Abstract
At the University of Tyumen, a biomorphic hardware neuroprocessor based on a combined memristor-diode crossbar has been developed. The neuroprocessor implements a biomorphic spiking neural network with a large number of neurons and trainable synaptic connections between them. Large biomorphic neural networks make it possible to reproduce the functionality of the human brain cortical column. This provides new opportunities for information processing tasks by standalone neuroprocessor. When designing and optimizing the operation of the input and output devices, as well as the logic matrix of the neuroprocessor created based on large combined memristor-diode crossbars, physico-mathematical models are needed to simulate their work.
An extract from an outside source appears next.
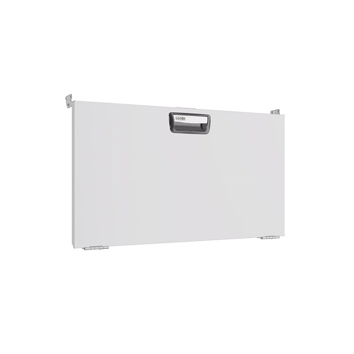 Drop down doors are fitted with gas springs on both sides that ensure smooth opening and closing. The opening angle is 90 degrees. The door pull has a built-in catch that prevents it from opening while the vehicle is in motion. The door is also suitable for wheel arch frames fitted with bench tops. When fitting doors between two shelf end supports, a mounting frame must be used.
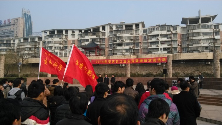 活动上,安徽省农委,安庆市政府,市农委的有关领导依次讲话,阐述了长江渔业资源增殖放流的意义,特别是对维护长江生态平衡所起到的巨大作用。生科院学生代表张莉同学宣读了题为“保护长江水生生物,建设和谐美好家园”的倡议书,提出从现在做起,从自我做起,从我们做起,坚决抵制破坏长江水生生物资源的违反行为,广泛开展保护生态环境,关爱母亲河的活动。讲话之后,农委领导,大学生,渔民代表,社会各界代表依次参加了鱼苗的放流活动。

This report presents the physico-mathematical models developed for this neuroprocessor: of the operation of a logic matrix cell built on the basis of simplified electrical models of a memristor and a Zener diode; of the process of the neurons output spikes routing of by the logic matrix to the synapses of other neurons; of processes of information encoding into biomorphic impulses and decoding of neural block output into a binary code. With the help of these models and numerical simulation, the operability of the input and output devices, as well as the logic matrix of the biomorphic neuroprocessor, is shown when processing incoming information. The originality of the models is associated with the specifics of the selected memristor-diode cell of the universal large logic matrix, which, in addition to its main work as a spikes router, is the basis of the electrical circuits of the input and output devices of the neuroprocessor.
For numerical simulation of the operation of large electrical circuits containing memristor-diode crossbars, the original specialized program MDC-SPICE was used.